Who would have thought that the two most important climate developments of 2010 would, on the surface, have nothing to do with climate change? First, on Tuesday, Republican Scott Brown won the election in Massachusetts to fill Senator Kennedy’s former seat and became the “41st vote” against not only health care, but cap-and-trade legislation in Congress.
Today, in an even more important development, the Supreme Court overturned two precedents and swept aside a “century-old understanding” to allow corporate spending in elections. In the words of Barack Obama,
“With its ruling today, the Supreme Court has given a green light to a new stampede of special interest money in our politics. It is a major victory for big oil, Wall Street banks, health insurance companies and the other powerful interests that marshal their power every day in Washington to drown out the voices of everyday Americans.”

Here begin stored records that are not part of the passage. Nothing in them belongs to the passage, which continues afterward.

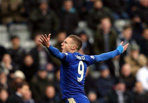 Leicester City's Jamie Vardy celebrates his goal during the English Premier League soccer match between Newcastle United and Leicester City at St James' Park, Newcastle, England, Saturday, Nov. 21, 2015. (AP Photo/Scott Heppell) The Associated Press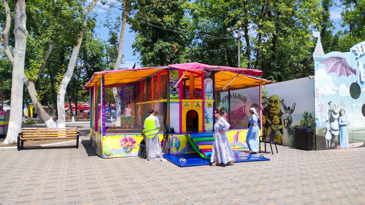 парк городской парк парк развлечений аттракционы детские аттракционы развлечения досуг семейный отдых общественное место городская среда инфраструктура Россия Кабардино Балкария Кабардино Балкарская Республика Нальчик парк аттракционов батут надувной аттракцион игровая зона детская площадка дети безопасность защитная сетка уличные аттракционы яркие цвета мультперсонажи павильон лабиринт общественное пространство брусчатка лето дневной свет туризм прогулкаПохожие фотографии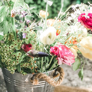 As instructed I left my bucket of water on my doorstep Friday morning which Cissy then filled with the most glorious array of flowers and foliage including some amazing ranunculus.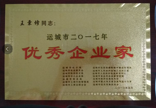 日前,由運城市政府、市農(nóng)業(yè)委員會聯(lián)合市工商局、商務(wù)局、食品藥品監(jiān)督管理局等十四個行政管理部門共同為全市優(yōu) 秀企業(yè)及企業(yè)家授予表彰,我公司憑借多年來積累的可靠的產(chǎn)品質(zhì)量和良好的社會信譽度榜上有名,公司被評為“運城市二零一七年度誠 信企業(yè)”,公司領(lǐng)航人王章修董事長被評為“運城市二零一七年度優(yōu) 秀企業(yè)家”。在這個良好發(fā)展的平臺上,公司已制定出新發(fā)展的策略,同時,也將會有更強的競爭力和發(fā)展力,望全體員工團結(jié)一致、齊心協(xié)力,與企業(yè)共同進步、共同發(fā)展,書寫新畫卷。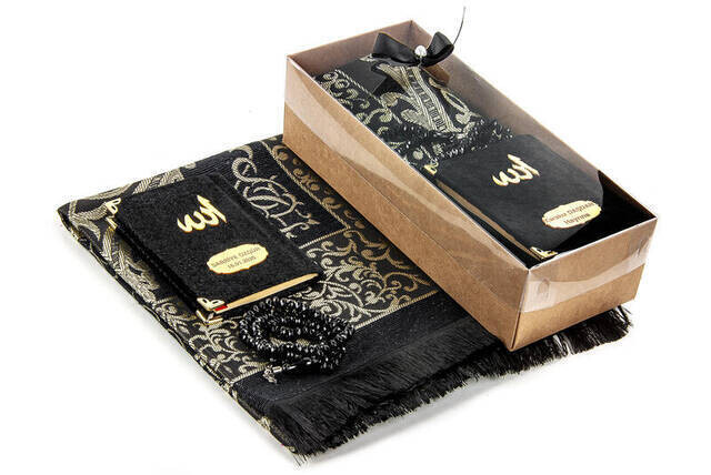 :معلومات المنتج "كتاب ياسين مخملي مغطى - حجم الجيب - لوحة الاسم - سجادة الصلاة - مسبحة - محاصر - لون اسود"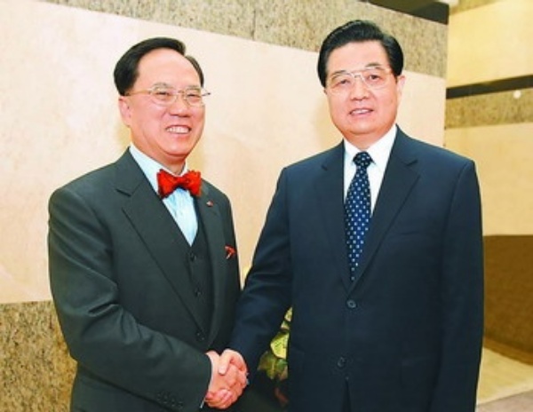 胡锦涛指出,今年以来,在行政长官曾荫权领导下,香港特别行政区政府和社会各界群策群力,积极应对国际金融危机冲击,保持了香港繁荣稳定。中央政府对香港特别行政区行政长官和特区政府所做的大量工作和取得的成绩是充分肯定的。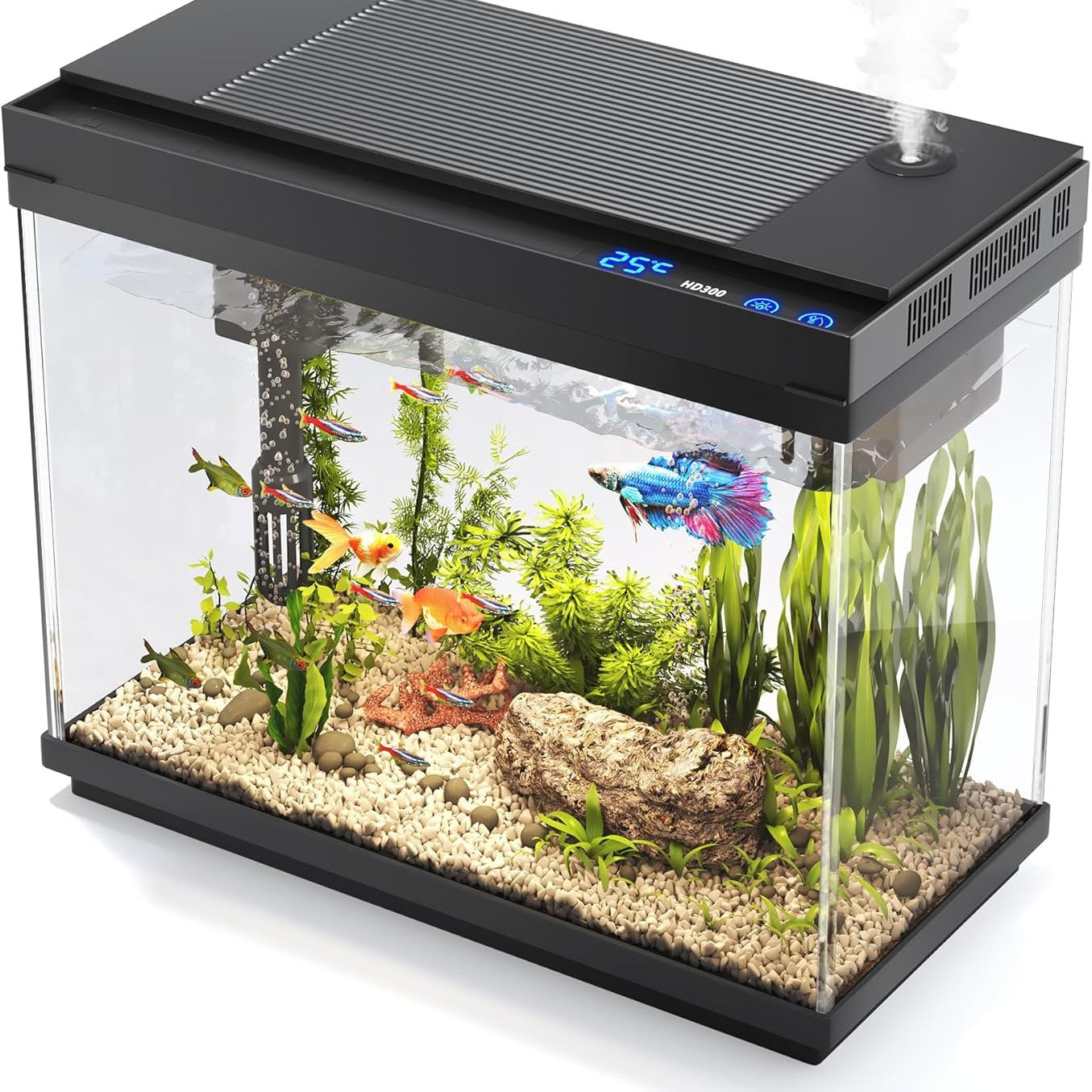 208173 - VEHIPA - Akuariume Qelqi 9L, me Lagështues Inteligjent, Tregues Temperature, Sistem Filtrimi i Heshtur 3-në-1, Ndriçim me 7 Ngjyra
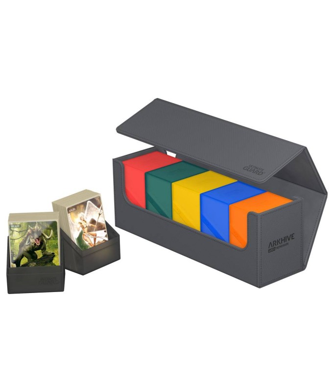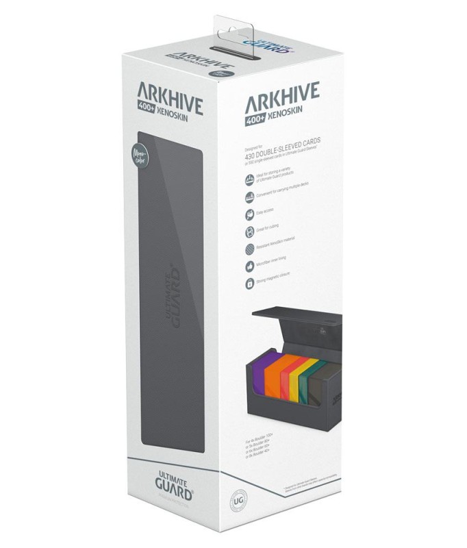 Zeigen Sie Ihre Farben von innen heraus mit unserem lebendigen und stilvollen monochromen Design. Der Arkhive ist für die Aufnahme von über 450 Karten mit doppelter Hülle, über 500 Karten mit einfacher Hülle oder über 850 Karten ohne Hülle im Standardformat optimiert und wird Sie nie im Stich lassen*.

That doesn’t sound good at all, does it? In a time when anti-corporate/anti-big bank fervor has never been higher, I think this decision is a watershed moment: not only a sign of how powerful our opposition is, but also an opportunity for the climate movement to think hard about how to tap into American’s mistrust of big-business and corporations to further a clean energy and climate agenda.
What do you think? Are we targeting big coal and big oil enough? Is an oppositional strategy the wrong way forward? How can we counter what will be a massive influx of special interest money in the 2010 elections? Or is this all a bunch of malarkey and we should really just go back to changing light bulbs?